### WHAT IS BEING ASKED
In the material below, find each line holding the string "Thorvaldsen" and copy it.

↓↓↓

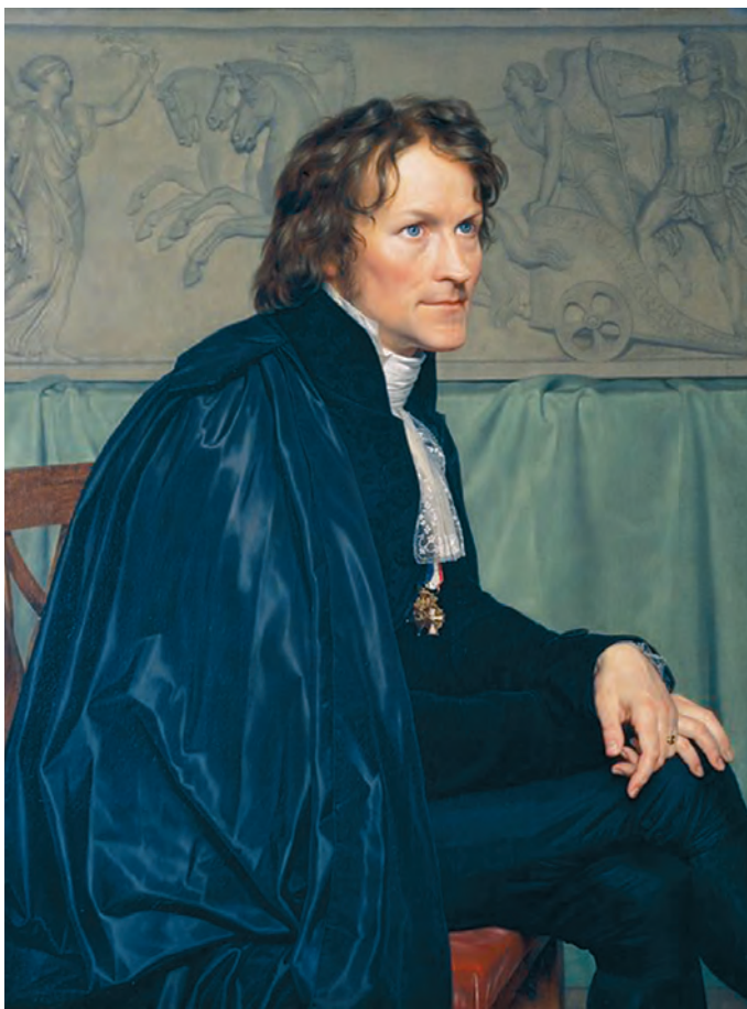
Christoffer Wilhelm Eckersberg: Thorvaldsen vor dem Alexanderfries, 1838

Nachdem er 1793 die große Goldmedaille der Akademie gewann, war seine Akademiezeit beendet, er musste nun von seiner Kunst leben. In der Regel gab es nach der Akademie ein Stipendium für einen dreijährigen Auslandsaufenthalt, aber auch in der Regel musste man mehrere Jahre darauf warten. Bis zu seiner Abreise nach Rom im Jahre 1796 war Thorvaldsen viel mit Portraitaufträgen beschäftigt, auch einige Büsten entstanden in dieser Zeit. Thorvaldsen führte ein flottes Leben mit seine Freunden. Er selbst spielte Violine und Flöte und unterhielt andere mit seiner musikalischen Begabung. Nach Aussagen von Zeitgenossen sah er gut aus und war damit bei den Mädchen »gern gesehen«.
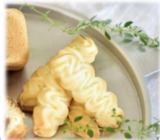
これはイメージです
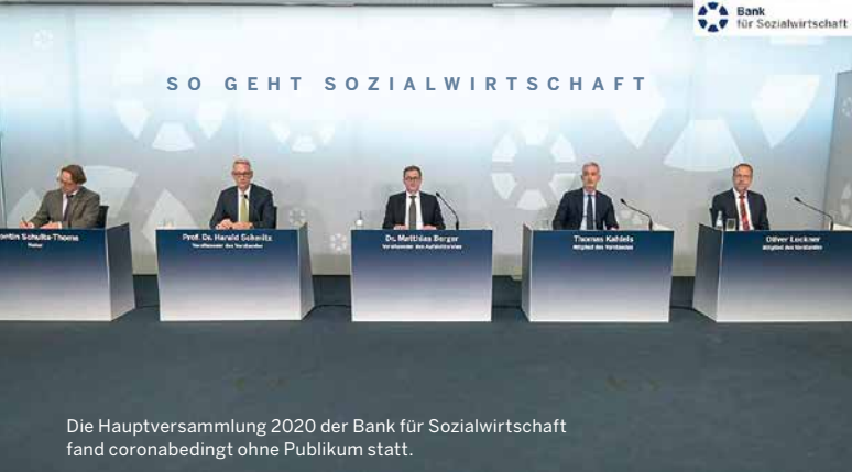
Die Hauptversammlung 2020 der Bank für Sozialwirtschaft fand coronabedingt ohne Publikum statt.
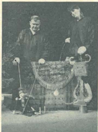
Loutkové divadlo „V boudě“ z Plzně hraje dnes inscenace „Don Šajn“ a „Poslechněte jak bývalo...“. Hry jsou inscenovány marionetami na drátě.
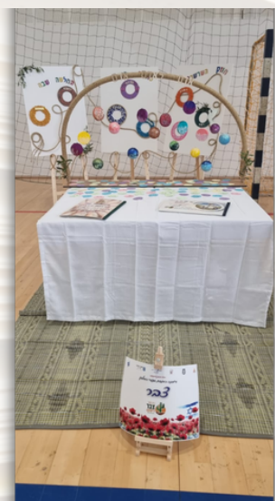
העמדה הבית ספרית
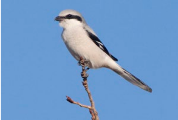
Raubwürger ( Lanius excubitor ), Seewinkel/Burgenland, 5.11.2009.
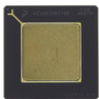
MC68020RC33E NXP USA Inc. IC MPU M680X0 33MHZ 114PGA

↑↑↑

### EXERCISE OUTPUT
Christoffer Wilhelm Eckersberg: Thorvaldsen vor dem Alexanderfries, 1838
Nachdem er 1793 die große Goldmedaille der Akademie gewann, war seine Akademiezeit beendet, er musste nun von seiner Kunst leben. In der Regel gab es nach der Akademie ein Stipendium für einen dreijährigen Auslandsaufenthalt, aber auch in der Regel musste man mehrere Jahre darauf warten. Bis zu seiner Abreise nach Rom im Jahre 1796 war Thorvaldsen viel mit Portraitaufträgen beschäftigt, auch einige Büsten entstanden in dieser Zeit. Thorvaldsen führte ein flottes Leben mit seine Freunden. Er selbst spielte Violine und Flöte und unterhielt andere mit seiner musikalischen Begabung. Nach Aussagen von Zeitgenossen sah er gut aus und war damit bei den Mädchen »gern gesehen«.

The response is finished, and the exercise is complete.